Виктор не выдержал и обернулся. Степан стоял рядом с Викой. Оксана куда-то запропастилась, её сутулая спина больше не маячила за этюдником, складной стульчик опрокинут. Ну вот, кажется, объяснение идёт полным ходом. «Каков будет ваш положительный ответ?» Не человек — омут. С тихими чертями…
Воздух вокруг загустел. На лбу выступил пот. Капля скатилась и застыла в уголке глаза крохотным осколком. Тяжело опираясь на руки, Виктор вытащил себя из кресла и вполз в палатку. Пошарил в скомканном спальнике влажными ладонями, вытащил на свет коробку с патронами и магазин.
— Лучше иметь ствол и не нуждаться в нём, чем нуждаться и не иметь, — пробормотал он и принялся быстро снаряжать магазин толстенькими краснокожими патронами.
Восемь.
Она приводила себя в порядок торопливо, едва касаясь разгорячённого тела. Вода в бутылке хлюпала и обжигала холодом нежную кожу, стекая розовым. Рыжая хвоя под Оксаной темнела расширяющимся пятном цвета запёкшейся крови. Дыхание срывалось, сердце стучало оглушительно, и, казалось, было готово замереть навсегда стоит только чьей-то тени заслонить прямоугольник света, падающего из дверного проёма.

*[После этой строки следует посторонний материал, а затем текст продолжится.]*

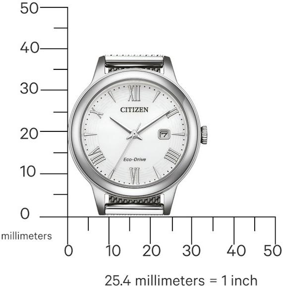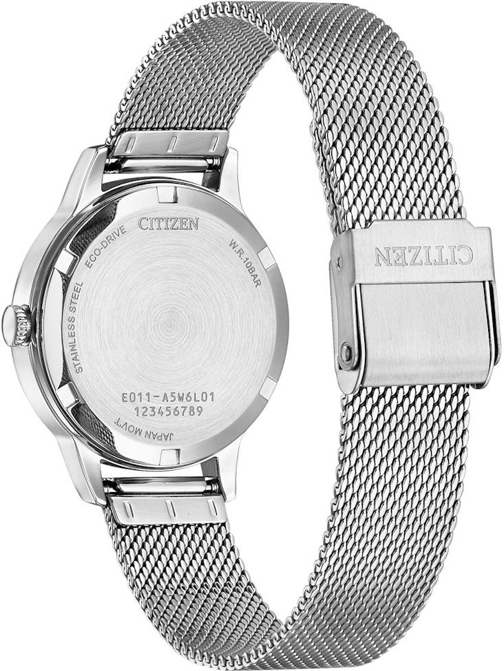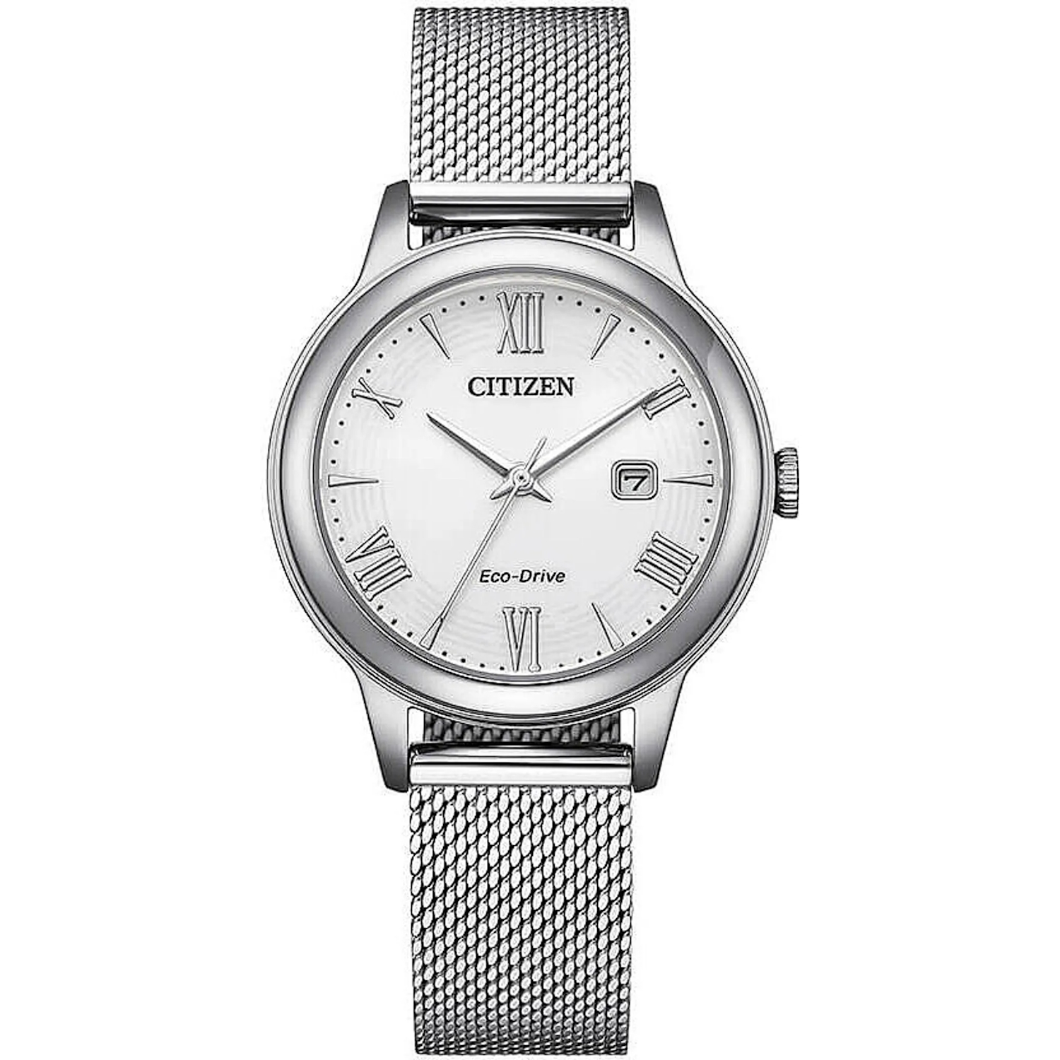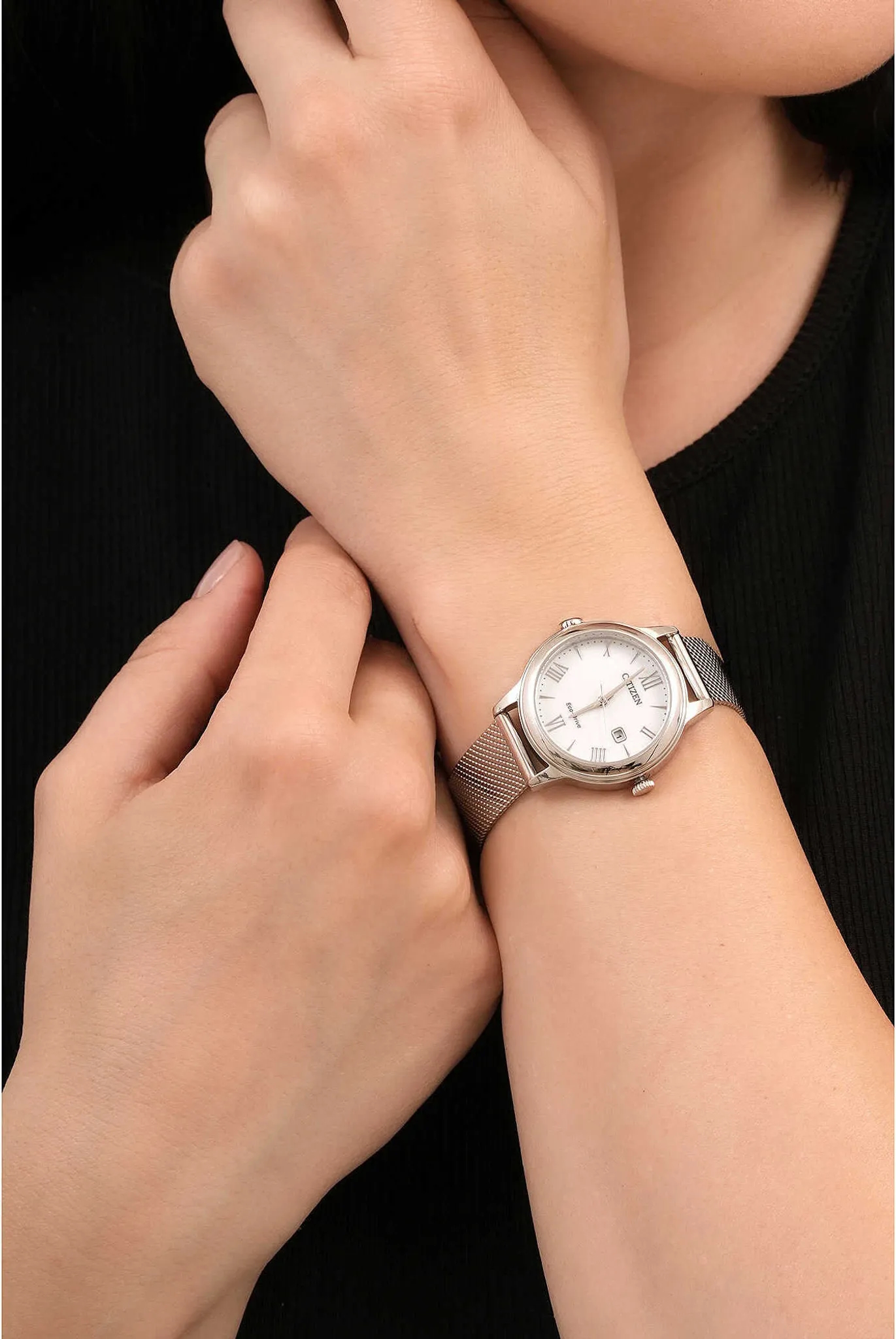 Damenuhr der Marke Citizen aus der Lady Dazzling-Kollektion. Eco-Drive-Time-Only-Uhr mit Stahlgehäuse mit 31 mm Durchmesser und Mineralglas. Weißes Zifferblatt mit römischen Ziffern und Milanaise-Stahlarmband. Eco-Drive-Uhrwerk mit Vorhängeschlossantrieb und 6 Monaten Gangreserve, Wasserdichtigkeit: 10 ATM. Datumsanzeige: ja. Die Referenz ist EW2621-75A

Дура! Как она могла согласиться на эту поездку?! Вика с её амурами. Что б им пусто было!
В неудобной позе, что в других обстоятельствах показалась бы просто нелепой, быстро затекли ноги. Оксана кое-как обтёрлась салфетками, деревянными пальцами брезгливо свернула прокладку в плотный брикет. Торопливо оделась, уже задыхаясь от жалости к себе, злости и презрения к бабьему естеству. Хотелось заплакать. Она разогнулась, убирая в пакет мусор и испачканные трусики, глаза, привыкшие к полумраку, утратили туннельное зрение с белым пятном света в конце. Из серой тени вокруг к Оксане потянулись длинные языки…
Она слабо охнула, озноб прокатился по телу, комкая судорогой мышцы и выворачивая суставы.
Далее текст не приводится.